| December 19, 2016 | News Article

 

This article was published on CNN on December 1, 2016. 

Michael Bloomberg is the former mayor of New York and founder, CEO and owner of Bloomberg L.P., a global financial data and media company. Patricia de Lille is the mayor of Cape Town, South Africa, and a member of the Global Commission on the Economy and Climate.

More than two-thirds of total investment in infrastructure in the next 15 years will be made in cities. It's no wonder, as people are flocking to cities around the world. By 2050, around 66% of the global population likely will live in urban areas. In Africa alone, there will be nearly 800 million more people living in cities than today.
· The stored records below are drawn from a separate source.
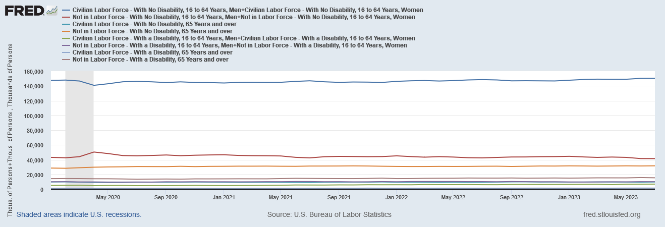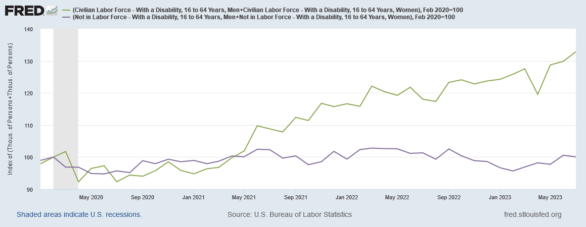 If we index the demographic cohorts to the start of the Pandemic Panic Recession, we see that men and women, 16 to 64, with no disability rose 1.6% as a part of the labor force by July, 2023, while the portion of that same demographic not in the labor force declined by 2.6%.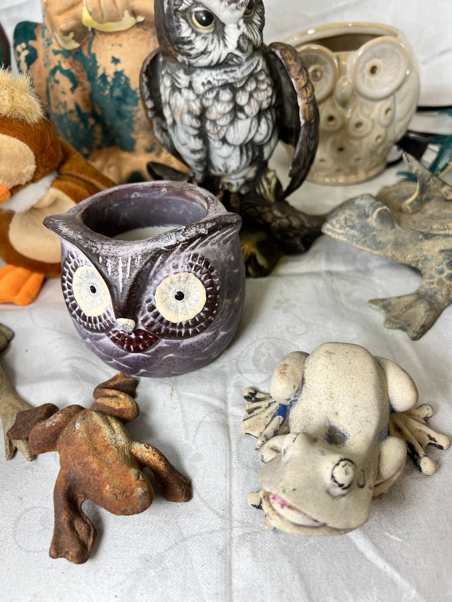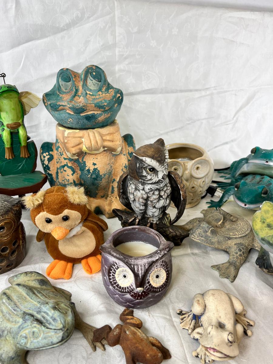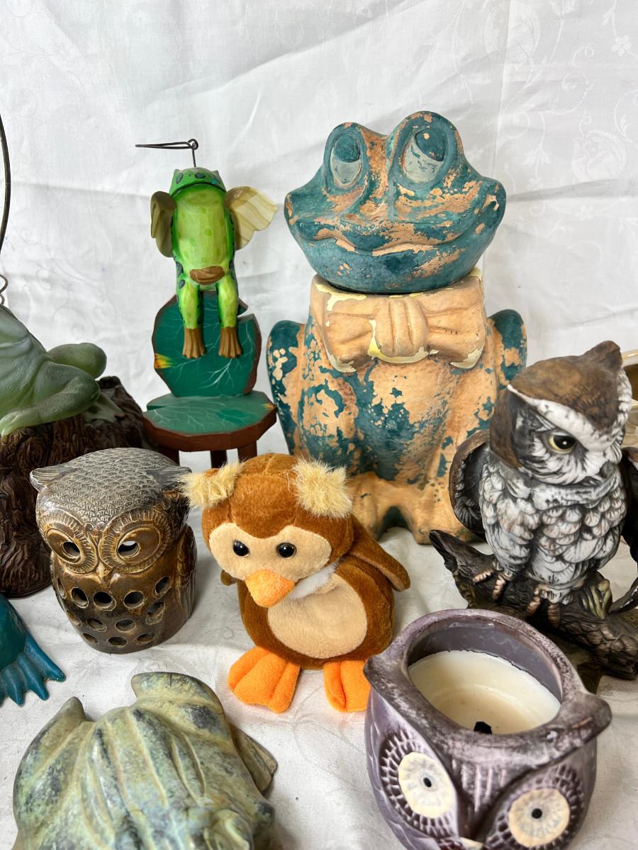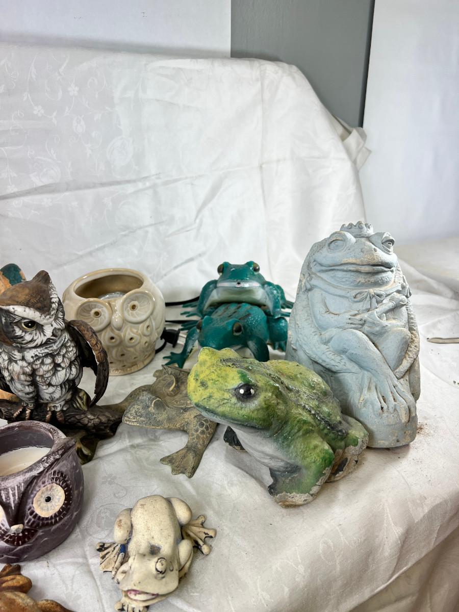 Frog figurines, plastic, ceramics, Owls, night lights wire basket, frog dial.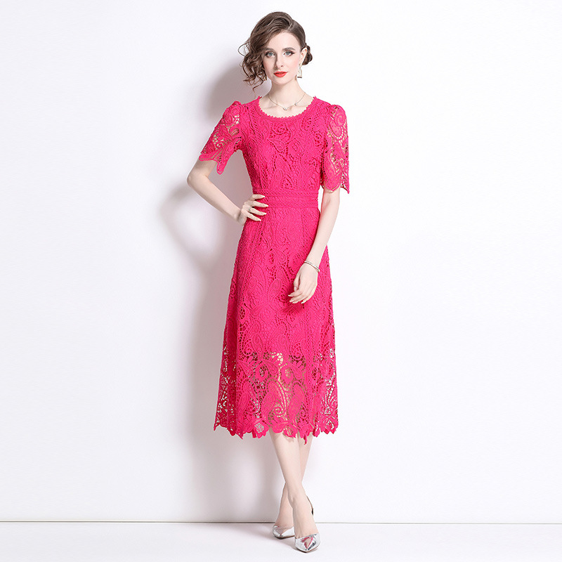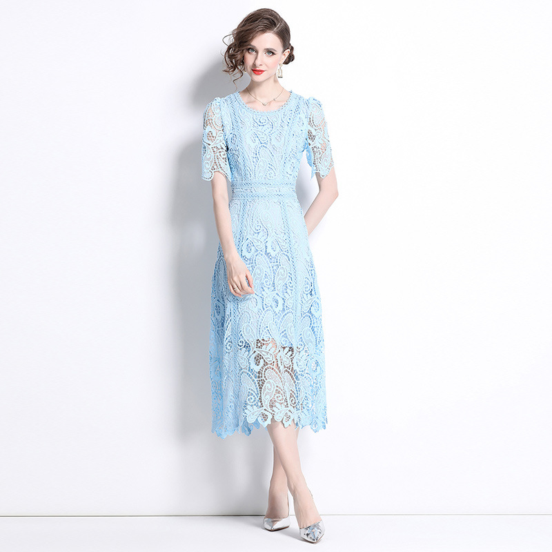 フランスの高級感のある水溶レースの修身ワンピースの女性の夏の新型の軽くて豪華なファッションの透かし彫りのプリントはやせている長いスカートを現します。

To provide for all these new urban dwellers, we need more buildings, more bridges, more public transport and more energy -- and all of that requires money.
 
City governments often struggle to raise the funds they need for urban mobility projects such as rail or bus rapid transit. There is a significant gap between the supply and demand for urban infrastructure -- some estimates suggest it is upward of $1 trillion per year to 2030.
 
Despite the challenges, the economic and environmental arguments for increasing investments in cities are clear. Investing in more compact, connected, efficient cities with modern public transport systems can spur economic growth while also having positive effects for the well-being of residents and for the climate.
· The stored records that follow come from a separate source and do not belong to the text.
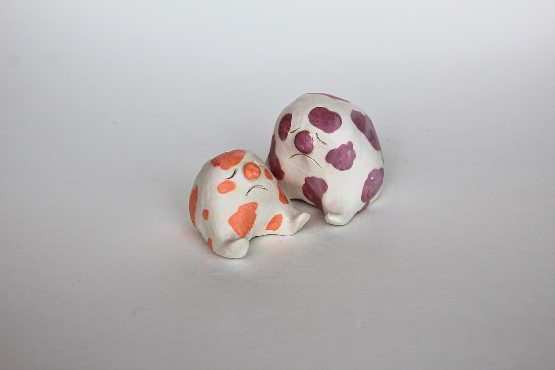I am an illustrator and sculptor who specialises in working with ceramics. My expertise in these diff erent mediums allows me to seamlessly blend ideas together and corporealise concepts of emotion and introspection. My primary thematic interests surround love and connection, and I seek to further understand myself and the world around me through the creation of diff erent characters and narratives. I am inspired by artists such as Paul Klee and Anne-Sophie Gilloen, who use childlike whimsy and dreamlike imagery in their works.Autoethnography has been the main driving force of my practice, mostly concerning mental health or neurodiversity. I work intuitively, and seek to express feelings and desires I previously would not want to confront: in this way, my practice is deeply therapeutic and self-validating. My ceramic fi gurines imbue an essence of sadness and vulnerability, as their creation is an therapeutic exercise in abstract self-portraiture.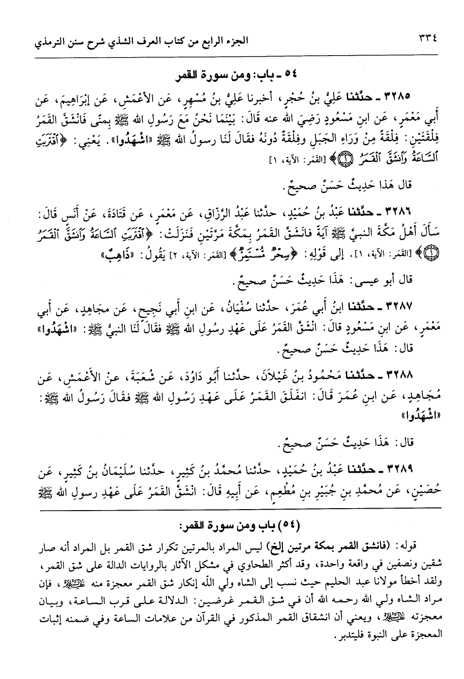 [3285] قوله: (فانشق القمر بمكة مرتين إلخ) ليس المراد بالمرتين تكرار شق القمر بل المراد أنه صار شقين ونصفين في واقعة واحدة، وقد أكثر الطحاوي في مشكل الآثار بالروايات الدالة على شق القمر، ولقد أخطأ مولانا عبد الحليم حيث نسب إلى الشاه ولي الله إنكار شق القمر معجزة منه، فإن مراد الشاه ولي الله رحمه الله أن في شق القمر غرضين: الدلالة على قرب الساعة، وبيان معجزته، ويعني أن انشقاق القمر المذكور في القرآن من علامات الساعة وفي ضمنه إثبات المعجزة على النبوة فليتدبر.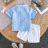 Baby And Toddler Boy Horse Ridding Sky Blue Collar Tee With White Short 2pcs

Research from the New Climate Economy has found that investing in sustainable urban infrastructure such as public transport, building efficiency and waste management could generate energy savings with a current value of $16.6 trillion by 2050. Meanwhile, sustainable cities have cleaner air, less traffic congestion and fewer greenhouse gas emissions.
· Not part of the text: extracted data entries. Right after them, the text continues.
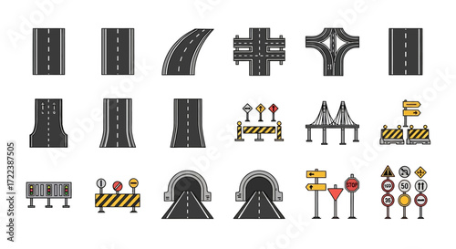 Flat vector icons of bridge and tunnel infrastructure: suspension bridge icon, railway bridge structure, pedestrian overpass, underpass tunnel entrance, drawbridge with control arm, cable-stayed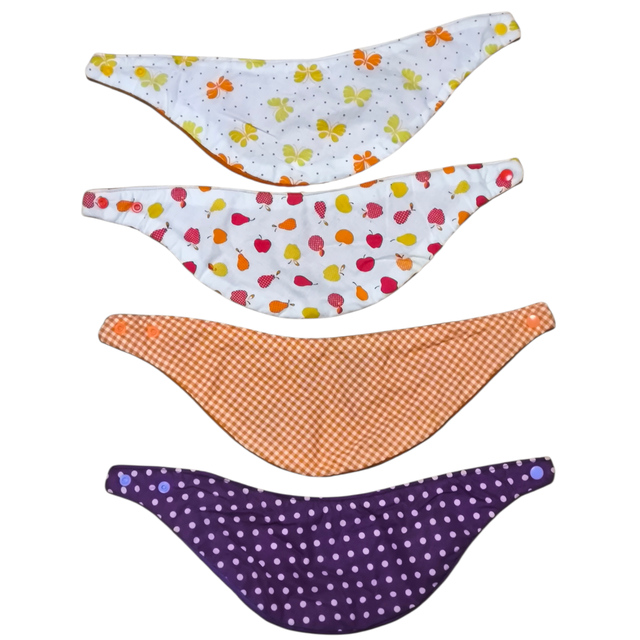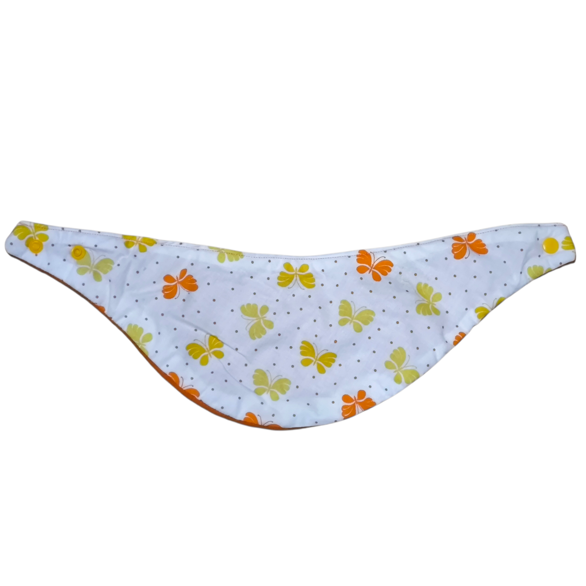 Halstuch größenverstellbar über zwei Druckknöpfe, eine Seite Fleece und die andere aus Baumwolle.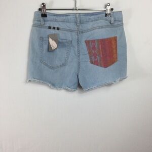 Forever21 tribal print studded distressed raw hem five pocket Jeans waist 14 1/2 inches rise 9 inches length 11 inches also has studs above One back pocket and the other back pocket has tribal print size 26
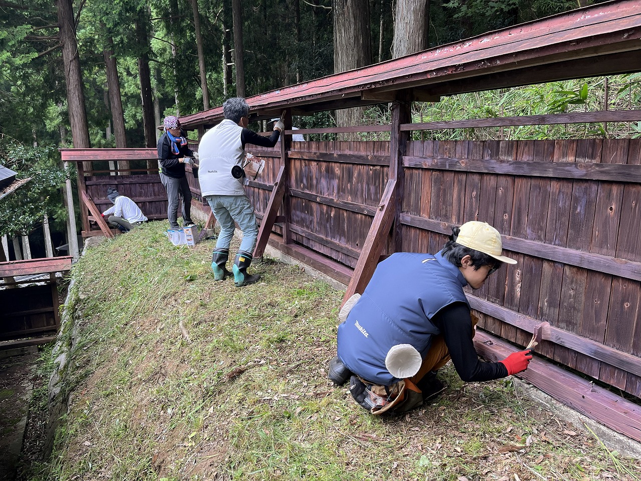 神社の板塀のいたべいが雨で傷んできたため、保護のためベンキをぬりました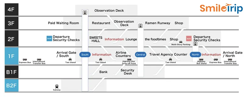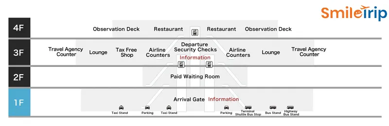 - Tầng 1: Sảnh đến, điểm đón taxi, xe bus và tuyến tàu điện ngầm Fukuoka City Subway.

Devising ways to scale financing for urban infrastructure, and to shift capital flows to make sure new projects are sustainable, is the next great challenge facing cities. To meet it, cities must have the authority and resources they need to make bold investments. Mayors and local policymakers are eager to take on the challenge, but they must have the authority and resources to do so.
 
The first step is to improve cities' access to private finance by improving their creditworthiness. Right now, only 4% of the 500 largest cities in developing countries are considered creditworthy, hampering their ability to raise capital.
 
Estimates suggest that with the right policies, private sector investment could fill up to half of the infrastructure-financing gap.
For example, Kampala, Uganda, recently set out a plan to improve its governance and financial management, and has gained a reputation as an effective, reform-minded and innovative authority. This improved the city's creditworthiness to an "A" rating at the national scale for long-term debt instruments. The improved rating almost doubled its borrowing allowance for large-scale sustainable urban infrastructure.
 
Municipal green bonds are another way to attract capital. The municipal green bond market is relatively small, valued at about $6 billion in 2015, but fast growing.
 
Last year, in the biggest issuance yet, Seattle's Sound Transit sold nearly $1 billion of green bonds that will help fund voter-approved regional transit projects, including construction of more than 30 miles of light rail extensions.
 
Another South African city, Cape Town, is looking to use its "AAA" credit rating and pipeline of climate action projects to issue a green bond that it intends to have certified through the Climate Bonds Initiative.
 
These measures, coupled with increasing pressure on the market to invest in instruments that support and deliver sustainable objectives, mean that Cape Town is hopeful that this bond will attract a favorable investor response when it goes to market.
 
Public-private partnerships can also be an effective way for cities to improve access to private finance for urban infrastructure. Bangkok's Skytrain and Bogota's Bus Rapid Transit were both financed in part through such partnerships.
Cities, especially in the developing world, can also tap into multilateral development banks and international climate funds.
 
For example, the Global Environment Facility has a new $140 million program in 22 pilot cities expected to leverage $1.4 billion for smart urban development.
 
City-level action works best when supported by national policies that place urban infrastructure at the heart of economic development. A new global initiative -- the Coalition for Urban Transitions, with experts from more than 20 of the world's leading urban-focused institutions -- will help support national governments to develop these strategies.
 
But even if national action stalls, as some worry may happen after the US election, city-level action will continue to blaze forward. As part of the new Global Covenant of Mayors for Climate & Energy, more than 7,000 cities and urban areas have committed to developing energy and climate action plans, a good starting point for identifying city infrastructure needs.
 
In addition, city networks such as the C40 Cities Climate Leadership Group, ICLEI-Local Governments for Sustainability, and United Cities and Local Governments can share best practices, spread new technologies, facilitate new forms of finance and support project preparation.
 
As both a co-chair and member of the Global Covenant's mayoral board, we will ensure investors see the data cities are reporting on significant actions they are taking as evidence for increasing funding.
 
Building the sustainable cities of the future will be challenging, and we have a long way to go to close the urban financing gap. The good news is that cities are finding innovative solutions to do it, and we are already seeing results.